STORED DATA -
···
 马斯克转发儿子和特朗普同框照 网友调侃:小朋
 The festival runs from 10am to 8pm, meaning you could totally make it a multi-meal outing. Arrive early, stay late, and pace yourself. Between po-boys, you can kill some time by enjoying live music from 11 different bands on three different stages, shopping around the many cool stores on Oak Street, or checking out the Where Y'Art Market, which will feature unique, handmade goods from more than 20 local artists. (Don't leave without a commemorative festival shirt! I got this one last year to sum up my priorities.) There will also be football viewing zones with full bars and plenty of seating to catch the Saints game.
···
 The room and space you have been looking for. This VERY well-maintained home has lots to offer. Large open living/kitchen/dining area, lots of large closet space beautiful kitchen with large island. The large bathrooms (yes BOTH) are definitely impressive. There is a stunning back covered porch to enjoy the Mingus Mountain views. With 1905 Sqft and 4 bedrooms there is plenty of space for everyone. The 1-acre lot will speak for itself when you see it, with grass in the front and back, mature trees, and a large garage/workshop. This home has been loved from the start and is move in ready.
···
EXERCISE REQUIREMENTS -
Using only the entries above, output the line with "马斯克转发儿子和特朗普同框照 网友调侃:小朋", the line with "The festival runs", and all lines between them, exactly as they stand.

WRITTEN ANSWER -
 马斯克转发儿子和特朗普同框照 网友调侃:小朋
 The festival runs from 10am to 8pm, meaning you could totally make it a multi-meal outing. Arrive early, stay late, and pace yourself. Between po-boys, you can kill some time by enjoying live music from 11 different bands on three different stages, shopping around the many cool stores on Oak Street, or checking out the Where Y'Art Market, which will feature unique, handmade goods from more than 20 local artists. (Don't leave without a commemorative festival shirt! I got this one last year to sum up my priorities.) There will also be football viewing zones with full bars and plenty of seating to catch the Saints game.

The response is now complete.